**The problem**.
Begin at the line with "Wildkatzen - Die" and set down each line exactly until the listing ends. Images stay out.

**Exercise data**.
((

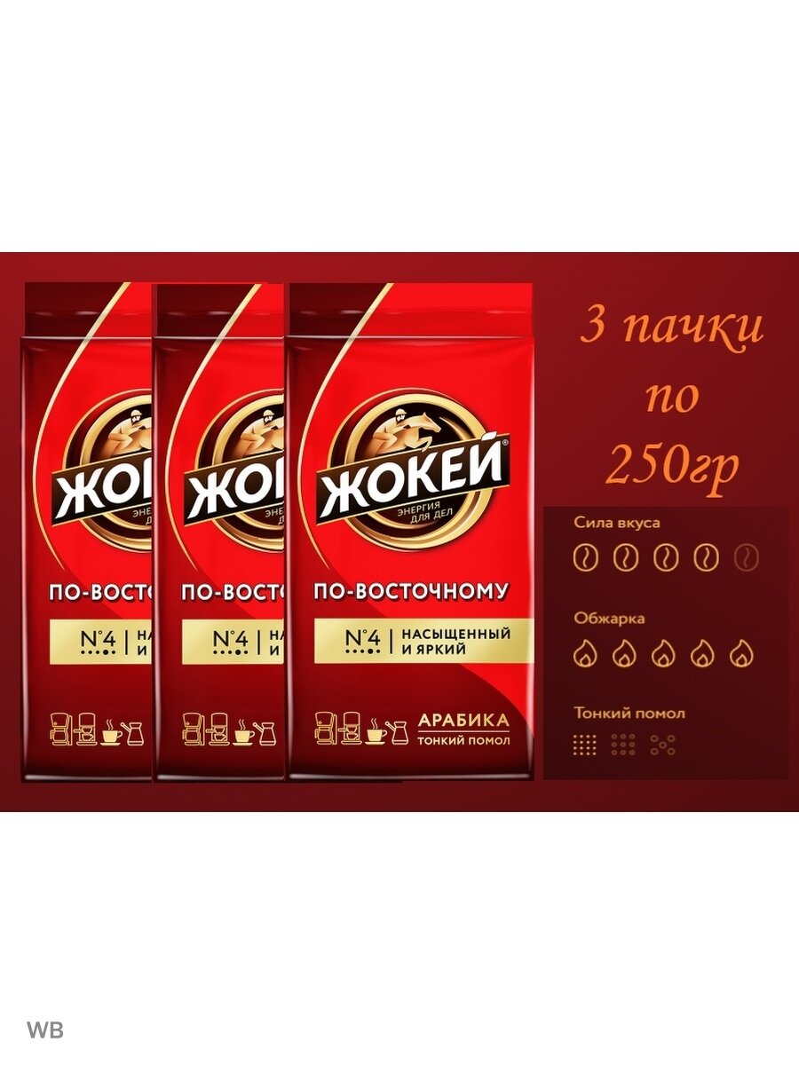 Кофе молотый Жокей По-восточному, 250 г, 3 уп.
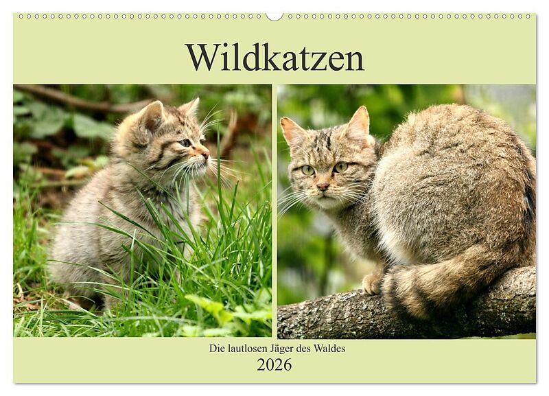 Wildkatzen - Die lautlosen Jäger des Waldes (Wandkalender 2026 DIN A2 quer), CALVENDO Monatskalender
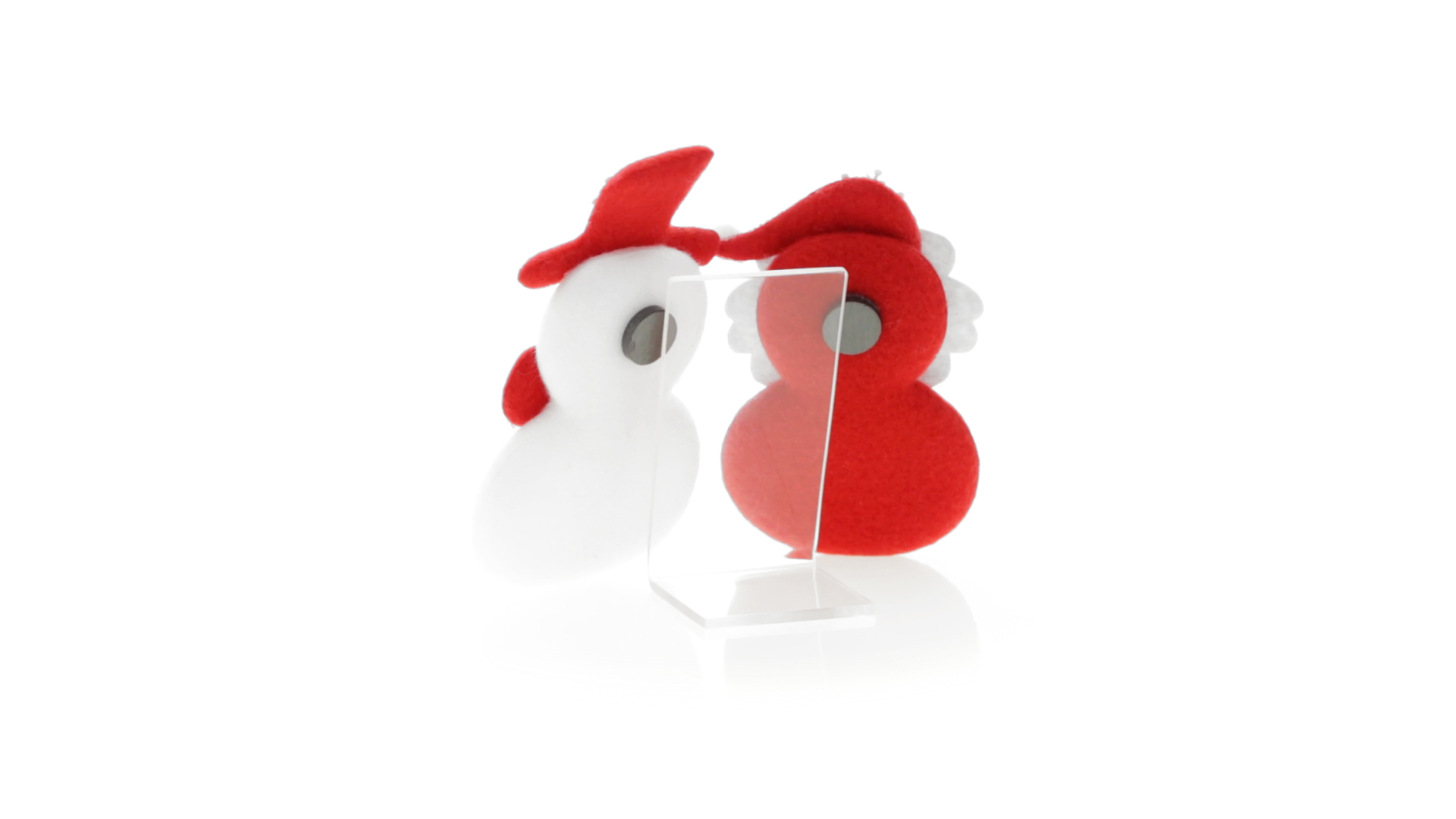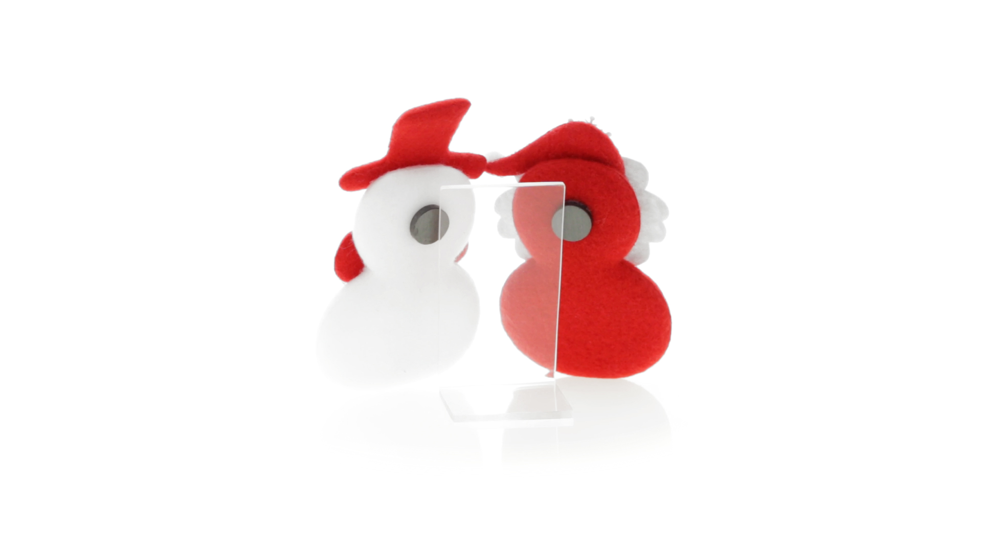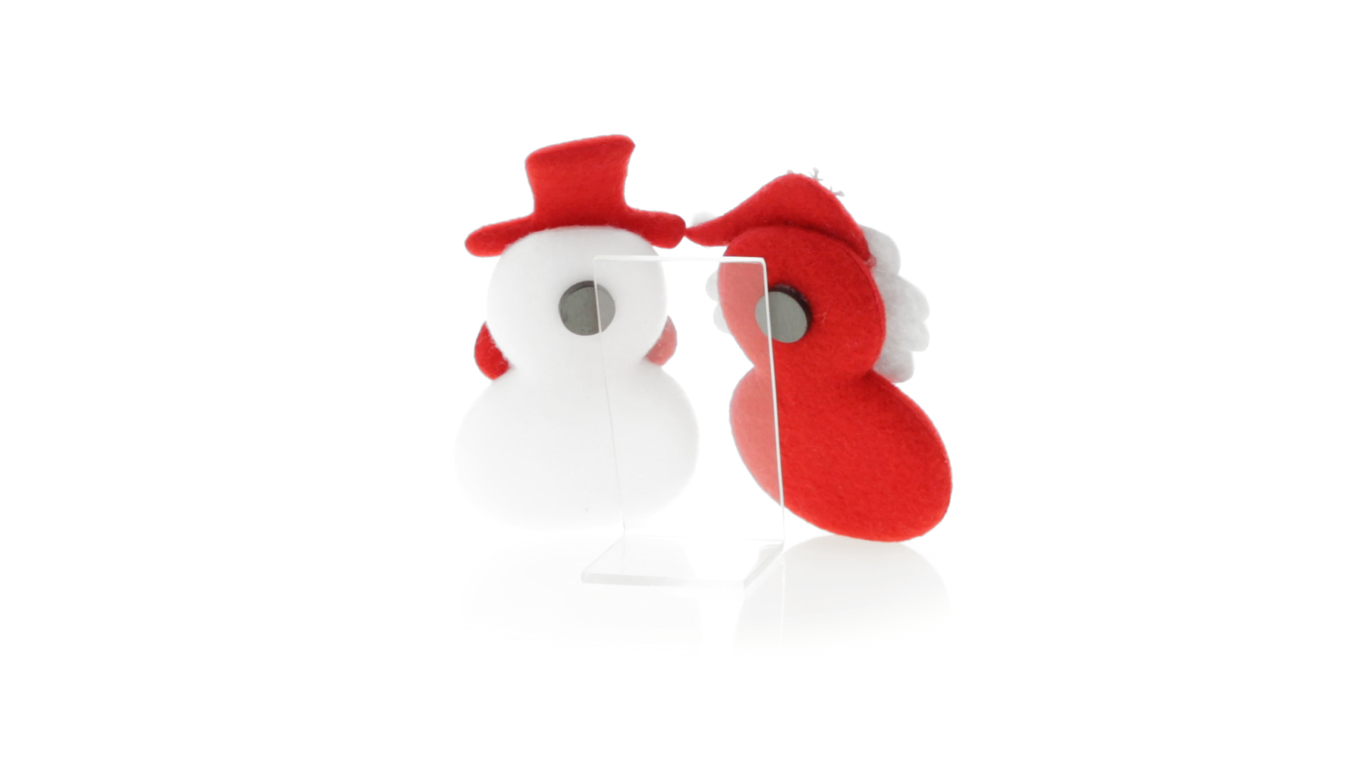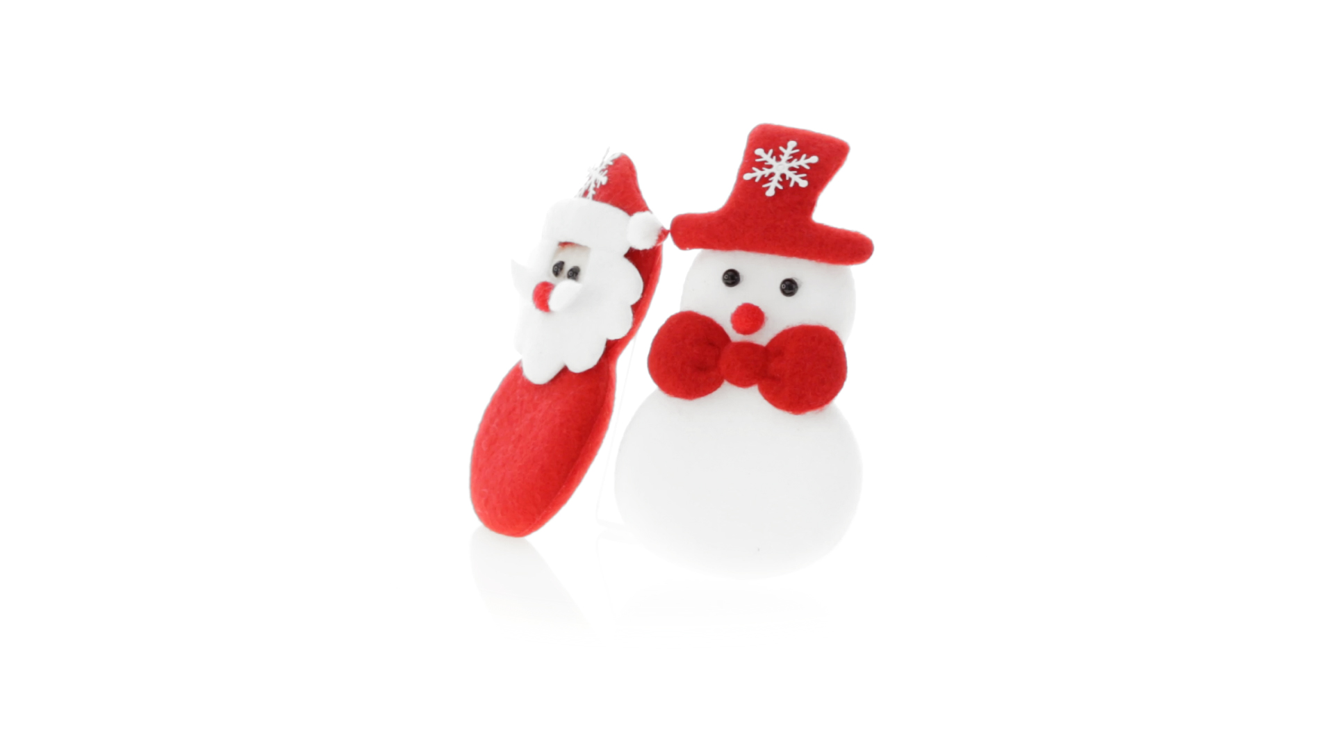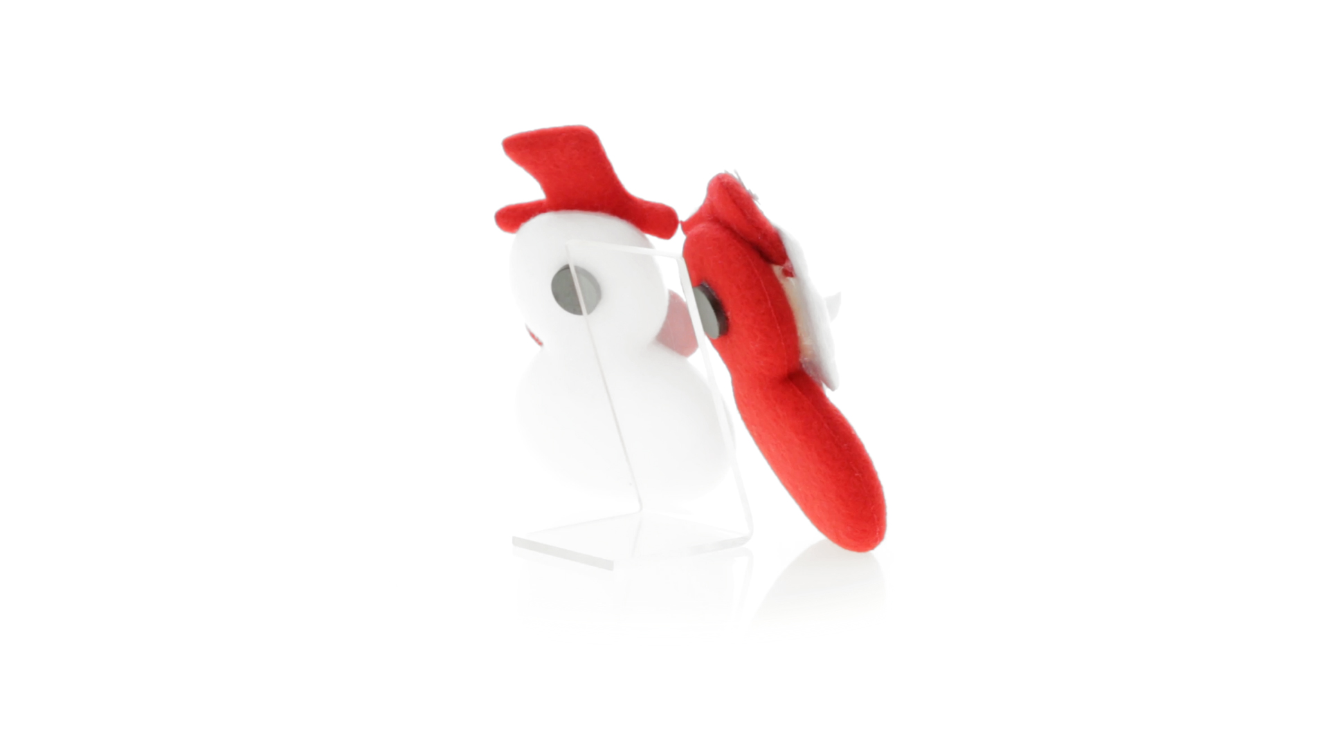 Origineller Weihnachtsmagnet aus weichem Polyester mit Weihnachtsmann- und Schneemannfiguren.

))

**Result for this exercise**.
 Wildkatzen - Die lautlosen Jäger des Waldes (Wandkalender 2026 DIN A2 quer), CALVENDO Monatskalender
 Origineller Weihnachtsmagnet aus weichem Polyester mit Weihnachtsmann- und Schneemannfiguren.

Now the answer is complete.